I have another question for you guys. I have been looking at different plumbing problems lately and wondering how I would go about fixing them ( actually been practicing soldering on some scrap pieces of copper pipe and Im not bad at it, how they hold up if water was in them is another story but hey at least Im giving it the old college try,lol )

Anyways I was looking at a water line that is close to a floor joint and got to thinking how the hell do I get a torch there without burning the wood if I had to replace it somwhow? is there something you can put there to "shield" it from the heat of the torch?

Thanks for the help guys

Jeremy


----------



## nealtw (Jan 6, 2012)

D.O. Smith 34196 18" x 20" Flame shield blanket at PlumberSurplus.com


----------



## kok328 (Jan 6, 2012)

One technique is to place a piece of sheet metal between the pipe and the wood or you can purchase a flame/heat resistant cloth made for just this situation and do likewise.


----------



## JeremyB (Jan 6, 2012)

Ah perfect guys, I was thinking something like this was available .


----------



## Redwood (Jan 6, 2012)

Hi Jeremy,

Great Topic! Certainly torch safety is a big problem when it comes to sweating copper pipes, especially inside the walls. There is not much worse than having the fire department show up at your job site....

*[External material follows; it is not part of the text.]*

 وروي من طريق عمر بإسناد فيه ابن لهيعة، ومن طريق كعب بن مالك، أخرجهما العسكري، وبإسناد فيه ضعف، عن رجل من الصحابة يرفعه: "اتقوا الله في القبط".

I don't use the sheet metal between the pipe and the wood technique for the simple reason that sheet metal conducts the heat. If that sheet metal is red hot on one side you can rest assured that the side against the wood is red hot as well.

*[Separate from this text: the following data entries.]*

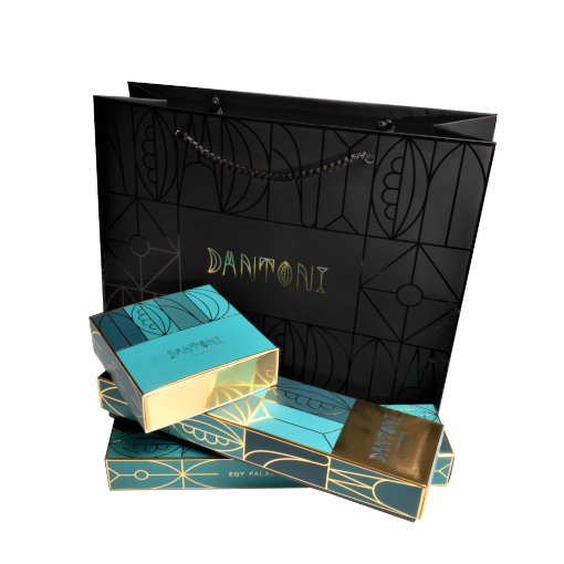 Elegáns fekete, arany vagy csodaszép türkiz artdeco mintával díszített dobozban.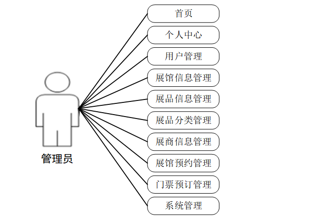 (1)、管理员关键特性囊括首页、个人中心、用户管理、展馆信息管理、展品信息管理、展品分类管理、展商信息管理、展馆预约管理、门票预订管理、系统管理等进行管理。管理员用例如下: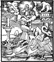 Description: An initial letter U with God in the clouds, flanked by decorative cherubs on columns and Moses kneeling before Him.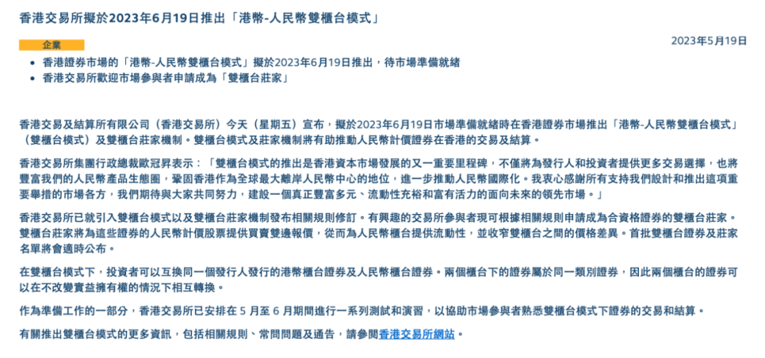 5月19日,香港交易及结算所有限公司(香港交易所)宣布,拟于2023年6月19日市场准备就绪时在香港证券市场推出“港币-人民币双柜台模式”(双柜台模式)及双柜台庄家机制。公告称,双柜台模式及庄家机制将有助推动人民币计价证券在香港的交易及结算。

The flame protective mat is a much better solution as the conduction of heat to the other side is very slow and a lot less likely to reach a dangerous temperature even if you sweat pipe very slowly.

There are a number of other things you should have on hand as well for a good read check out the following link. Plumbing Torch Fire Safety

If you still aren't comfortable with the proximity of combustibles to the joint and you can't sweat it and put it into place, then sweat in a better location after, you can always use a SharkBite Push-In Fitting instead.


----------



## JeremyB (Jan 6, 2012)

Thanks for the link Redwood, some very useful information in it. When ever Im using my torch ( Usually on my hockey sticks )  I have bucket of water beside me and the fire extinguisher because you never know what could happen.


----------



## isola96 (Jan 6, 2012)

Spray bottle of water for those tight situations "memories" lol I have learned to start using shark bites if I know it's to close to be risky.


----------



## JeremyB (Jan 6, 2012)

just googling those sharkbite products they look cool, I have never heard of them.Still really trying to figure out how they work. I watched the video they had on youtube. So If I have 2 join pieces of copper in a area that I dont want a torch around I can use on of there fittings? Are Can you get them at hardware stores?


----------



## isola96 (Jan 7, 2012)

JeremyB said:
			
		

> just googling those sharkbite products they look cool, I have never heard of them.Still really trying to figure out how they work. I watched the video they had on youtube. So If I have 2 join pieces of copper in a area that I dont want a torch around I can use on of there fittings? Are Can you get them at hardware stores?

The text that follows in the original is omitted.